Tyco International Ltd. (NYSE: TYC, LSE: TYI, BSX: TYC) is a
diversified manufacturing and service company. Tyco is the world's largest
manufacturer and servicer of electrical and electronic components; the world's
largest designer, manufacturer, installer and servicer of undersea
telecommunications systems; the world's largest manufacturer, installer and
provider of fire protection systems and electronic security services; and the
world's largest manufacturer of specialty valves. Tyco also holds strong
leadership positions in disposable medical products, financing and leasing
capital, plastics and adhesives. Tyco operates in more than 100 countries and
had reported fiscal 2000 sales of $28.9 billion.

FORWARD LOOKING STATEMENT
This release contains certain "forward-looking statements" within the meaning of
the Private Securities Litigation Reform Act of 1995. These statements are based
on management's current expectations and are subject to uncertainty and changes
in circumstances. Actual results may vary materially from the expectations
contained in the forward-looking statements. The forward-looking statements in
this release include statements addressing Tyco's future financial and operating
results and the terms and timing of the transaction.
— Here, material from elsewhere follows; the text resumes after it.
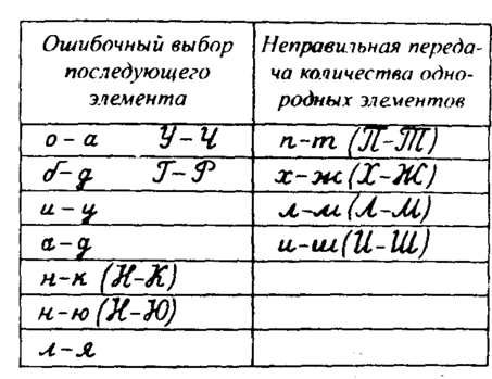 Одним из наиболее стойких типов специфических ошибок письма являются смешения букв, начертание первого элемента которых требует тождественных движении руки. Это так называемые ошибки по кинетическому сходству.

The following factors, among others, could cause actual results to differ
materially from those described in the forward-looking statements: the TyCom
Board's rejection of the proposal; inability to obtain, or meet conditions
imposed for, governmental approvals for the transaction; and other economic,
business, competitive and/or regulatory factors affecting Tyco's and TyCom's
businesses generally.

More detailed information about the factors that could cause actual results to
differ materially from those described in the forward-looking statements is set
forth in Tyco's filings with the Securities and Exchange Commission, including
Tyco's Annual Report on Form 10-K for the fiscal year ended September 30, 2000
and its most recent quarterly reports on Form 10-Q. Tyco is under no obligation
to (and expressly disclaims any such obligation to) update or alter its
forward-looking statements whether as a result of new information, future events
or otherwise.

                                      # # #

Investors and security holders are advised to read the proxy
statement/prospectus regarding the business combination transaction referenced
in the foregoing information, when it becomes available, because it will contain
important information. The proxy statement/prospectus will be filed with the
Securities and Exchange Commission by Tyco International Ltd. and TyCom Ltd..
Investors and security holders may obtain a free copy of the proxy



statement/prospectus (when available) and other documents filed by Tyco and
TyCom at the Commission's web site at www.sec.gov. The proxy
statement/prospectus and such other documents may also be obtained from Tyco or
from TyCom by directing such request to Tyco International Ltd., The Zurich
Centre, Second Floor, 90 Pitts Bay Road, Pembroke HM 08, Bermuda, tel: (441)
292-8674; or to TyCom Ltd., Crown House, 4 Par-la-Ville Road, Hamilton HM 08,
Bermuda.

TyCom and certain other persons referred to below may be deemed to be
participants in any solicitation of proxies of TyCom's shareholders to adopt the
agreement providing for Tyco's acquisition of the minority interest in TyCom.
The participants in such solicitation may include the directors and executive
officers of TyCom, who may have an interest in the transaction, including as a
result of holding stock or options of TyCom. A detailed list of the names and
interests of TyCom's directors and executive officers is contained in TyCom's
Proxy Statement for its Annual Meeting, held on March 27, 2001, which may be
obtained without charge at the Commission's web site at www.sec.gov.